A house in multiple occupation (HMO) can be any building or part of a building used for living accommodation by more than two people who are not part of the same family, where they occupy the property as their only or main residence, where they share one or more basic amenities and they pay rent for their accommodation. The full definition of a HMO is contained in section 254-260 of the Housing Act 2004.
In general terms, a house in multiple occupation (HMO) can be any one of the following:

  • A shared house lived in by people who belong to more than one family sharing one or more basic amenities, such as a toilet, personal washing facilities and cooking facilities.
  • A house in bedsits lived in by people who belong to more than one family sharing one or more basic amenities.
  • An individual flat lived in by people who belong to more than one family sharing one or more basic amenities.
  • To be of the same family, the occupants must be married to each other, live together as a husband and wife, live together in a same sex relationship, or be related to each other, such as a parent, grandparent, child, grandchild, brother, sister, uncle, aunt, nephew, niece or cousin.

Do you need planning permission?

As from July 2012 the introduction of Article 4 Direction came into force. This means that all new Houses of Multiple Occupation will be subject to planning control in some areas. For more information please visit the planning in your area.

The Housing Health and Safety Rating System (HHSRS)
The HHSRS provides an analysis of how hazardous a property is through assessment of 29 potential hazards found in housing. Landlords have to maintain their properties to provide a safe and healthy environment. The HHSRS is enforced by local authorities.

The Tenancy Deposit Scheme
From 6 April 2007, all deposits taken by landlords and letting agents under Assured Shorthold Tenancies (ASTs) in England and Wales must be protected by a tenancy deposit protection scheme. Landlords and letting agents must not take a deposit unless it is dealt with under a tenancy deposit scheme. To avoid any disputes going to court, each scheme will be supported by an alternative dispute resolution service (ADR). Landlords and letting agents will be able to choose between two types of scheme; a single custodial scheme and two insurance-based schemes. Learn more here: http://www.direct.gov.uk/en/TenancyDeposit/index.htm.

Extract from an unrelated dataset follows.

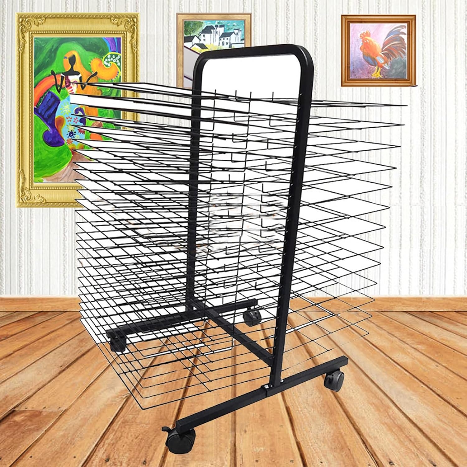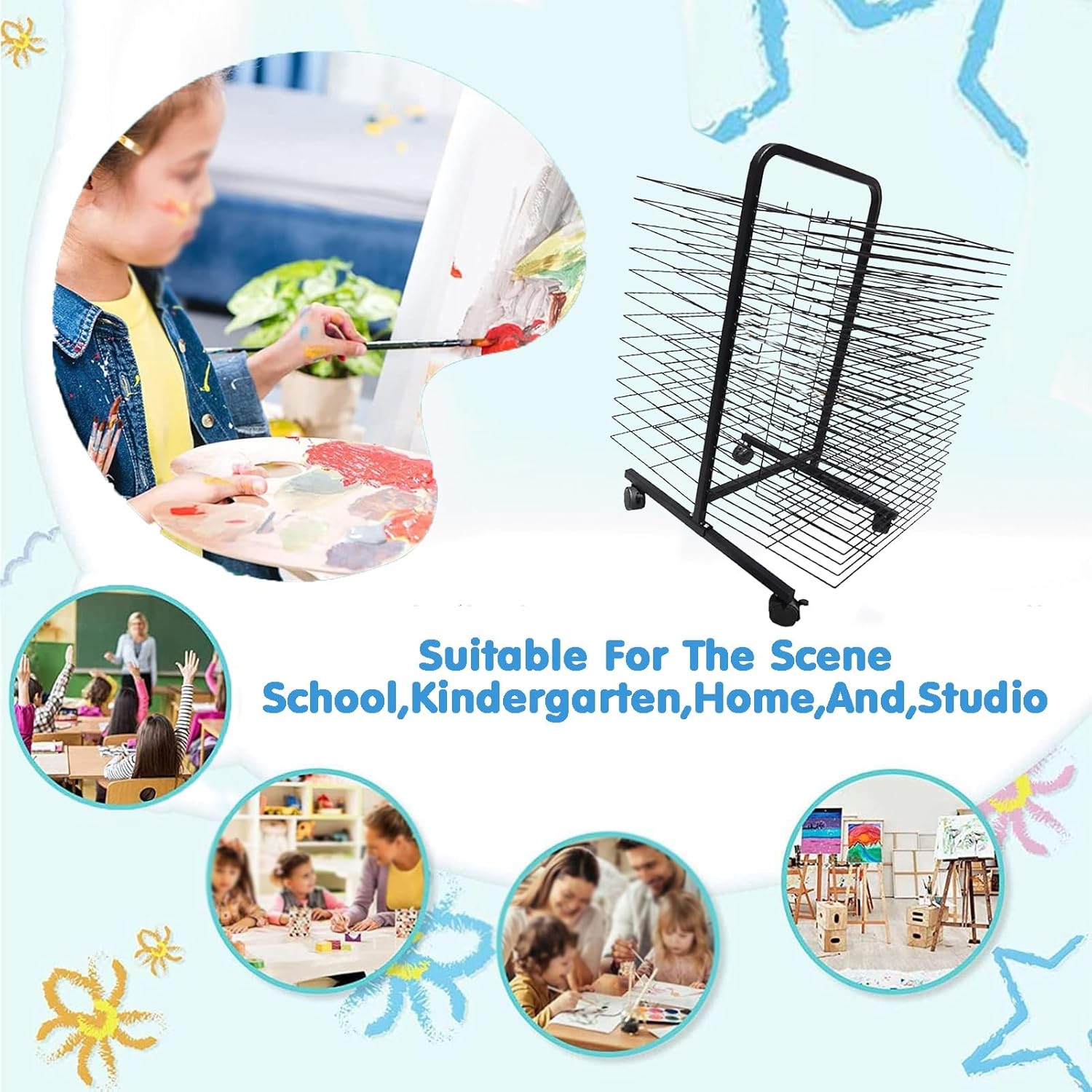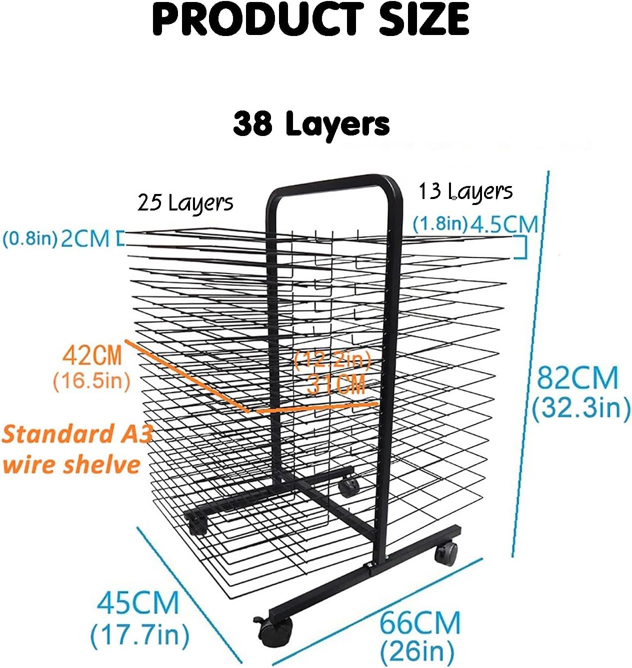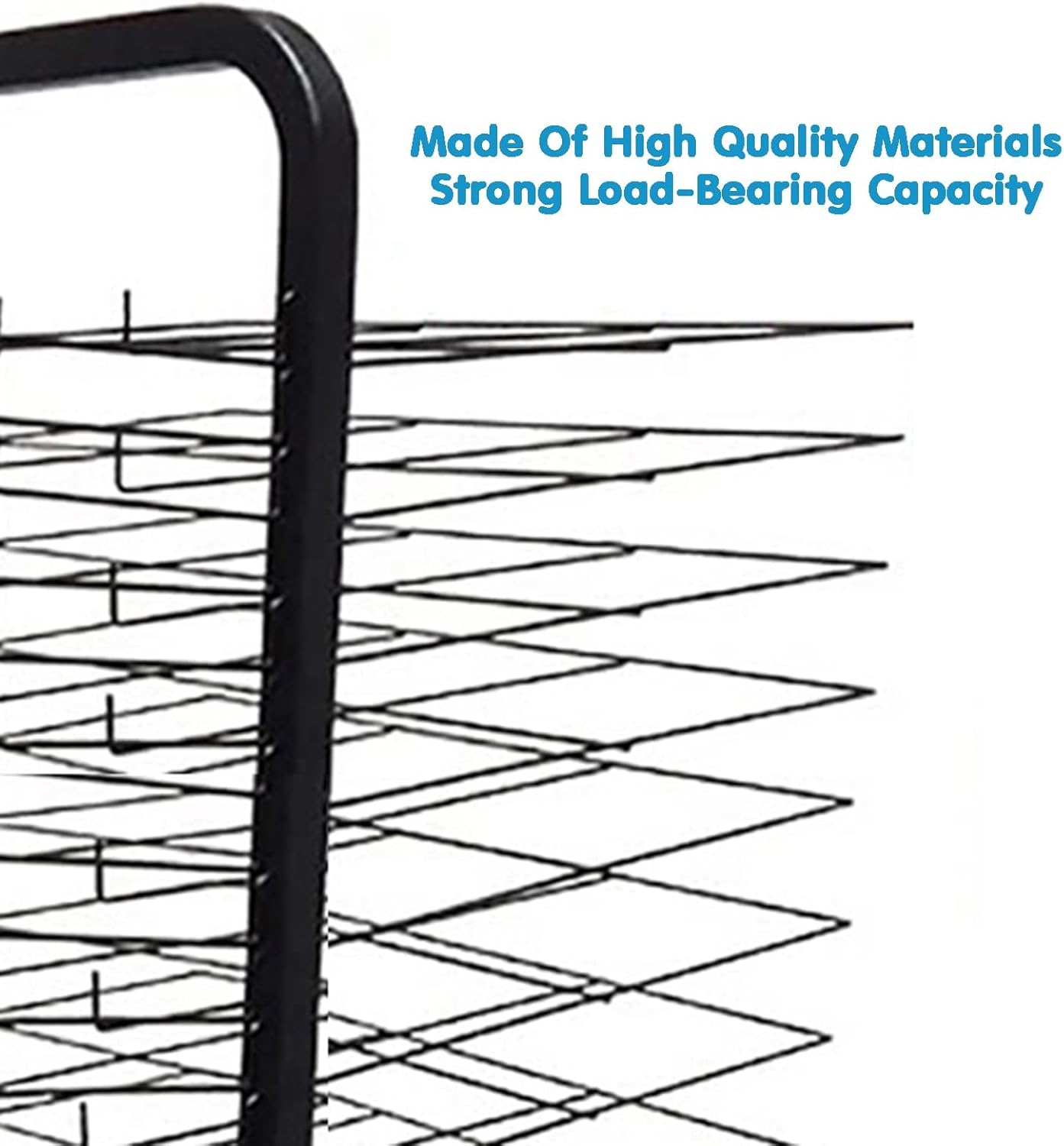 RUOTE MOBILI ----- Ci sono 4 ruote piroettanti sul rack artistico for l'aula, che può essere facilmente spostato su qualsiasi superficie liscia e piana, nel frattempo, è dotato di freni for mantenerlo fermo, che sarà stabile for sostenere i tuoi lavori artistici COSTRUZIONE ROBUSTA ----- Lo stendibiancheria è realizzato in metallo, durevole e di lunga durata, con una distanza di 2/4,5 cm tra i rack for garantire che l'arte rimanga pulita RACCOGLITORI for L'ASCIUGATURA ARTISTICA ----- L'asciugatura non è mai stata così semplice, gli stendibiancheria offrono molto spazio for posizionare in modo semplice e sicuro nuove creazioni di artisti, come stampe a getto d'inchiostro, tele, acquerelli o dipinti acrilici, poster e altre opere d'arte, for tenerli lontani essere macchiato o spiegazzato POSTI APPLICABILI ----- Molto adatto for asili nido, aule scolastiche, centri di prima educazione, case o studi e altri luoghi in cui è necessaria la pittura a olio secca FACILE DA ASSEMBLARE ----- Non sono necessari strumenti aggiuntivi for assemblare il supporto artistico, basta collegare insieme i telai superiore e inferiore, installare le rotelle, una persona può assemblare facilmente

The Disability Discrimination Act 2005
The DDA 2005 addresses the limitations of current legislation by extending disabled people's rights in respect of premises that are let or to be let, and common hold premises. Landlords and managers of let premises and premises that are to let will be required to make reasonable adjustments for disabled people. Under the new duties, provided certain conditions are met (for example, that a request has been made), landlords and managers of premises which are to let, or of premises which have already been let, must make reasonable adjustments, and a failure to do so will be unlawful unless it can be justified under the Act. Landlords will only have to make reasonable adjustments. And they will not have to remove or alter physical features of the premises.